The processual law so dominates in certain systems as to overpower substantive rights and substantial justice. The humanist rule that procedure should be the handmaid, not the mistress, of legal justice compels consideration of vesting a residuary power in judges to act ex debito justitiae where the tragic sequel otherwise would be wholly inequitable. Justice is the goal of jurisprudence 'processual, as much as substantive.'
29. In State of Punjab v. Shamlal Murari 11 the Court approved in no unmistakable terms the approach of moderating into wholesome directions what is regarded as mandatory on the principle that: (SCC p. - 720) Processual law is not to be a tyrant but a servant, not an obstruction but an aid to justice. Procedural prescriptions are the handmaid and not the mistress, a lubricant, not a resistant in the administration of justice.
In Ghanshyam Dass v.
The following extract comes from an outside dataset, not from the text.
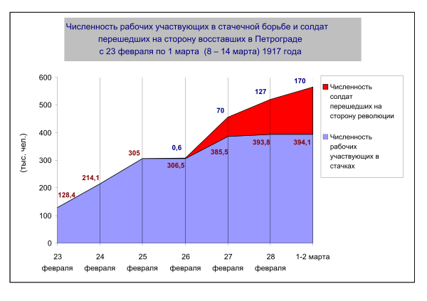 Всего в России за январь-февраль 1917 года только на предприятиях, подчинённых надзору фабричной инспекции, бастовало 676 тыс. человек, из них участников политических стачек в январе было 60 %, а в феврале — 95 %[35].

Dominion of India 12 the Court reiterated the need for interpreting a part of the adjective law dealing with procedure alone in such a manner as to subserve and advance the cause of justice rather than to defeat it as all the laws of procedure are based on this principle.
30. It is also to be noted that though the power of the court under the proviso appended to Rule 1 Order 8 is circumscribed by the words 'shall not be later than ninety days' but the consequences flowing from non-extension of time are not specifically provided for though they may be read in by necessary implication. Merely because a provision of law is couched in a negative language implying mandatory character, the same is not without exceptions. The courts, when called upon to interpret the nature of the provision, may, keeping in view the entire context in which the provision came to be enacted, hold the same to be directory though worded in the negative form.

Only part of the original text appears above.